1. INTENTOS DE ESCAPATORIA

En enero de 1800, en que se inician los conflictos de Carácuaro y Cutzián, nace entre fulgores el nuevo siglo XIX en las cálidas llanuras de Michoacán, sin que nadie se imagine la carga histórica que trae consigo.

Para muchos es motivo de júbilo. Para el nuevo cura interino de Carácuaro, no tanto. Nuevamente está enfermo. Ha contraído herpes, es decir, una erupción cutánea, que es -en sus propias palabras- un "mal incurable e insufrible en la Tierra Caliente". Pide licencia para retirarse a Tierra Fría, que en febrero -un mes después- le es concedida.

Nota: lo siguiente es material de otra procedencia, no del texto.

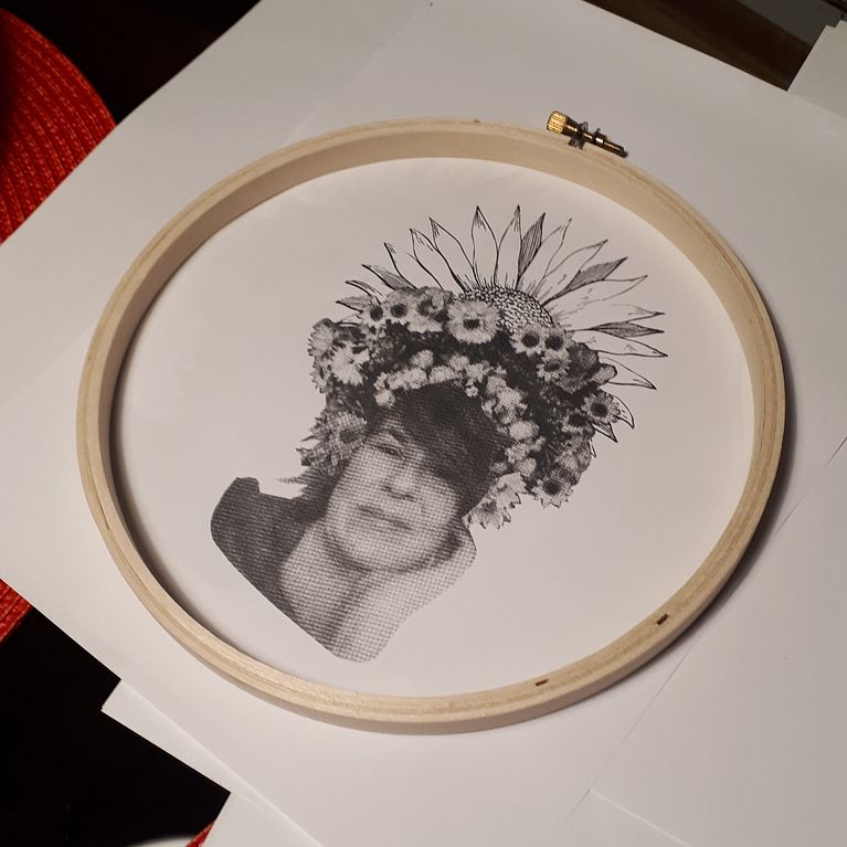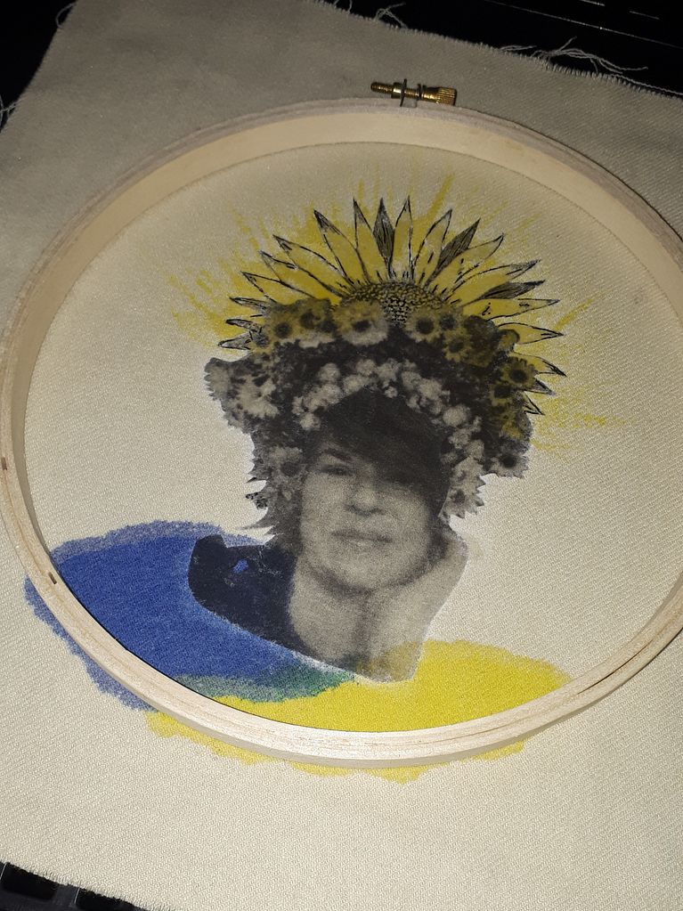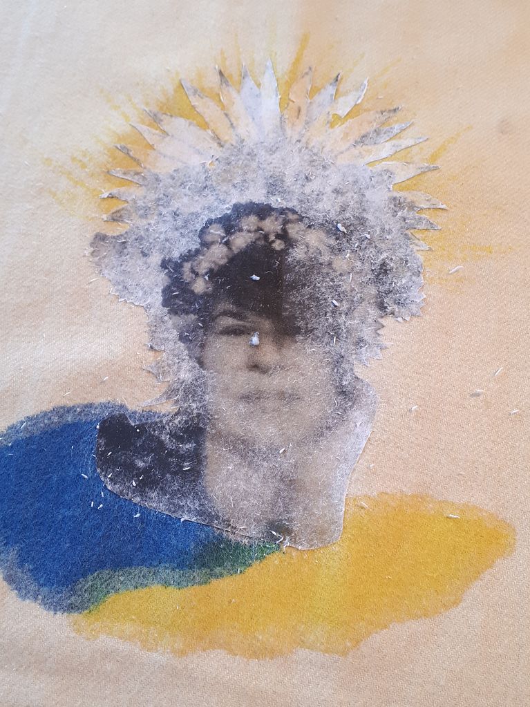Une œuvre créée suivant les notions du cours "Photo embroidery on fabric" par Studio Variopinto.
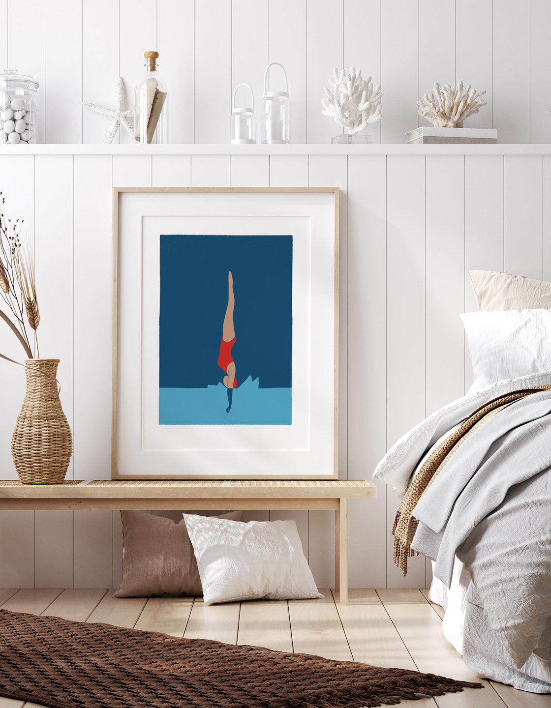 One of our original minimal diving girl art deco style prints. This woman making a splash is perfect for adding charm to your bathroom or downstairs toilet decor and is also available in a set of 3.

Pero antes de retirarse de la región, brota una nueva epidemia que se extiende con fuerza por diversos lugares. No tiene ni un auxiliar para atender a sus feligreses. ¿Cómo dejarlos abandonados? En lugar de marcharse, se queda. Durante sus estudios en el Seminario, ha aprendido que "aunque con riesgo de perder su propia vida, el párroco está obligado sub mortali a administrar los sacramentos en tiempo de grave necesidad. Y así, no puede desamparar su parroquia en tiempo de epidemia y pestilencia, sino que la debe asistir personalmente". Dichas enseñanzas se han convertido en parte de su ser. Le es totalmente imposible, por consiguiente, tomar licencia en esos días.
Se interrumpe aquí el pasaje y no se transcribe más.